Additionally, in many cases where businesses must fulfill detailed international provisions and perform highly repetitive calculations that draw on multiple sources, bots can help automate the process. For example, in 2017, the Tax Cuts and Jobs Act in the US introduced a requirement for some very difficult international provisions and calculations. Another recent international provision requires that businesses provide governments with multiple country reports containing their sales and employee information. Many tax departments use spreadsheets to fulfill such provisions, according to Bernard, but most of the calculations could be completed, and automated, by a bot.
The calculation of the research and development (R&D) credit, which requires specific costs obtained from a company’s financial systems, is also ripe for bot use because the bot can go out and “scrape” for that data, “making the process of calculating the credit much easier and often more accurate,” says Bernard.
“We are seeing bot technology being built for these areas — not by the IT department, but rather by some pretty savvy tax professionals who know how to do this stuff. Most companies refer to these initiatives as the tax garage, and they’re doing a pretty good job of it,” he says.
Demanding a Seat at the Table
To avoid being left behind, tax departments must demand a seat at the table alongside core finance and IT decision makers. According to Leskela and Bernard, there are three things that businesses can do to help tax leaders secure their spot and ensure that the organization welcomes them:
- Tax leaders must be able to identify how they can provide innovation and how that innovation can not only have a positive impact on the business, but also improve the effectiveness of how tax functions are performed. These innovations should be documented in compliance-driven business cases, and integrated into mainstream changes that affect finance operations.
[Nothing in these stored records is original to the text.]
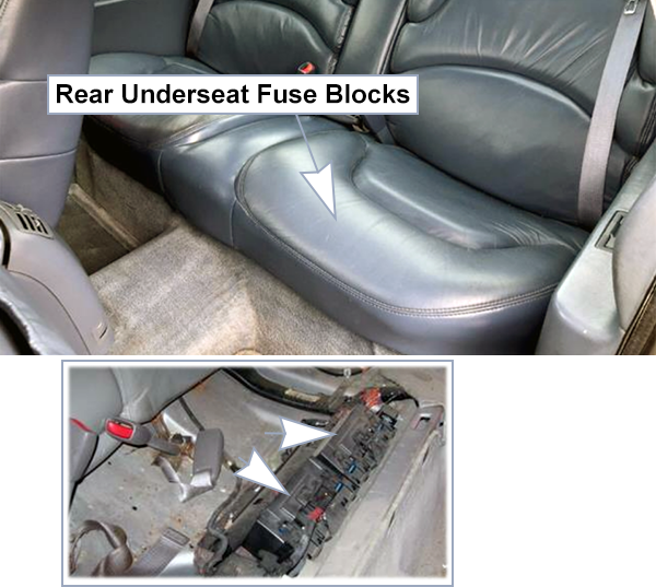 Two fuse boxes located under the rear seat. To access the fuse boxes, the rear seat cushion must be removed (pull up on the front of the cushion to release the front hooks, pull the cushion up and out toward the front of the vehicle).
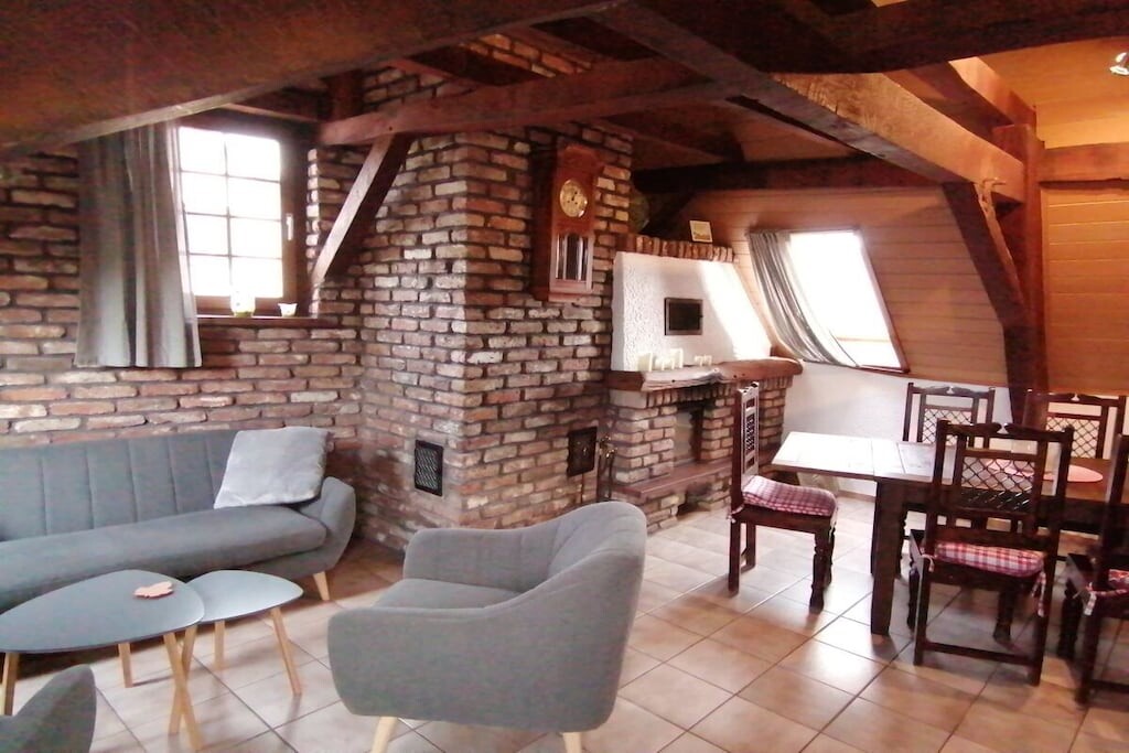 Aan het einde van de dag kunt u ontspannen in de woon- en eetkamer en bij kouder weer zelfs bij de open haard.
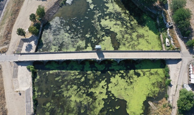 Sıcaklıkların da mevsim normalleri üzerinde seyretmesiyle nehrin yüzeyin bir büyük bir bölümünü yosun ve su mercimekleri kapladı.
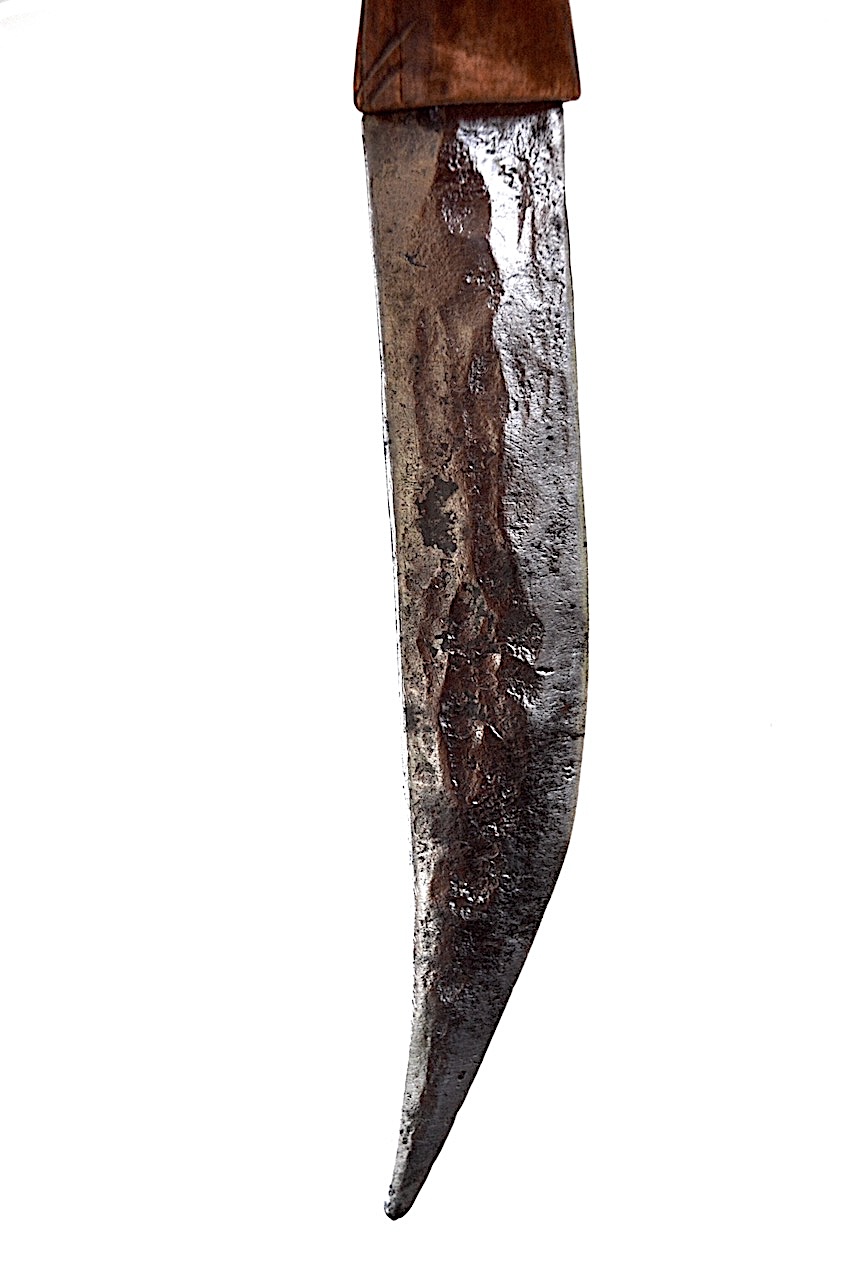 La lame est en fer, courbée en bout à peine bombé, possède de nombreuses marques de martelage.
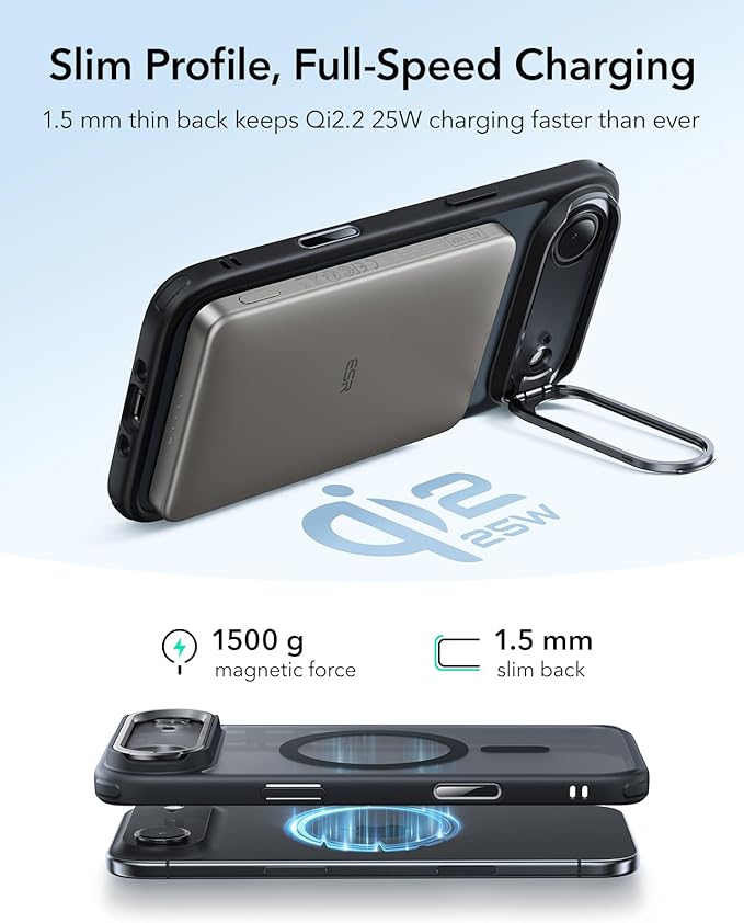 ESR for iPhone Air Case with Stand, Camera Control Cover Compatible with MagSafe, Military-Grade Drop Protection Magnetic Phone Case for iPhone 17 Air Case, Scratch-Resistant Back Cover,Frosted Black
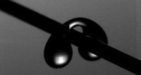 Pierre-Brice a alors découvert que le fait de chauffer le fil n’avait aucune influence, mais qu’en revanche, le casque n’apparaissait que si le fil était préalablement mouillé. Un autre stagiaire, Philippe Bourrianne, a ainsi établi que le casque n’apparaît que pour une certaine gamme de quantité de liquide déjà présente sur le fil. Cependant, l’explication de ce phénomène n’est pas encore bien comprise. Elle pourrait être liée au film d’air qui est piégé entre la goutte et le film de liquide accroché au fil. Mais la question est encore ouverte… Pierre-Brice a également constaté que si l’on faisait tomber la goutte sur le fil de manière un peu décentrée, il se produisait un phénomène de rebond tout à fait intéressant !
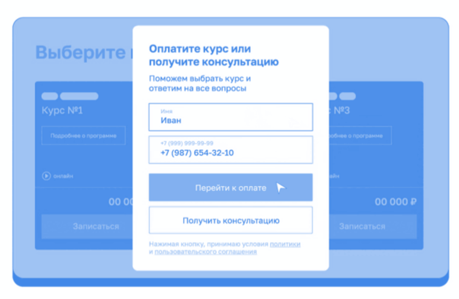 Введите свои данные и нажмите «Перейти к оплате»
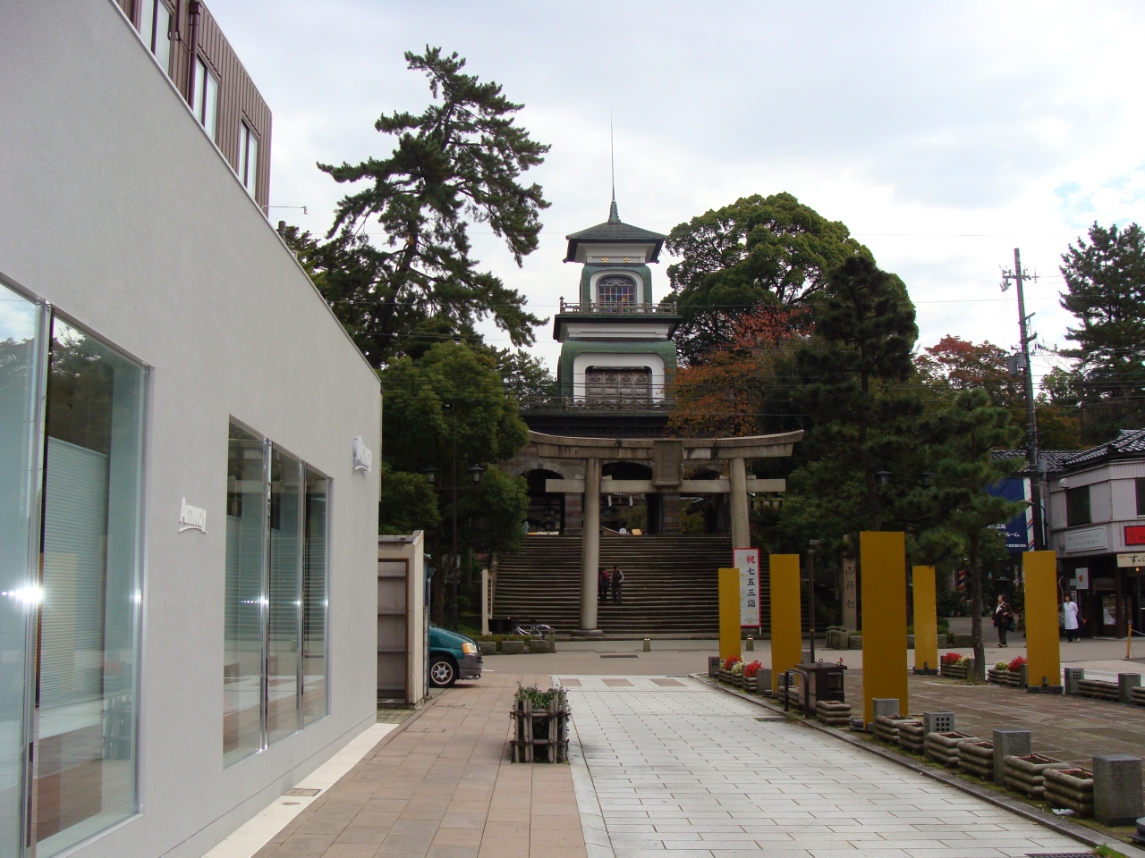とても神社とは思えないステンドグラスの神門です。和洋折衷なのは明治以降に作られたせいなのでしょうか 前田利家を祭ってあるということですが加賀百万石の文化レベルの高さがうかがえます。町のほぼ中心にあり付近の商店街では九谷焼のお店も多かったです。散策にどうぞ

They should also align with the CFO’s objectives and larger technology transformation initiatives, such as a move to SAP S/4HANA.
- Tax departments must be more willing to adapt to and integrate with new technologies, utilize applicable functionality in existing technology, and become more proactive as a department to increase their profile and up the relevance of their role. This is necessary to increase visibility for the organization around how the tax department is contributing to overall corporate value.
- Everyone must break through the misconception that the cloud should be confined to front-office departments. Businesses that move more than just sales and marketing applications to the cloud have experienced success driven by core economics and by a comfort level in the organization that comes from having reliable, repeatable experiences with their data and security model, and no significant breaches over a long period of time.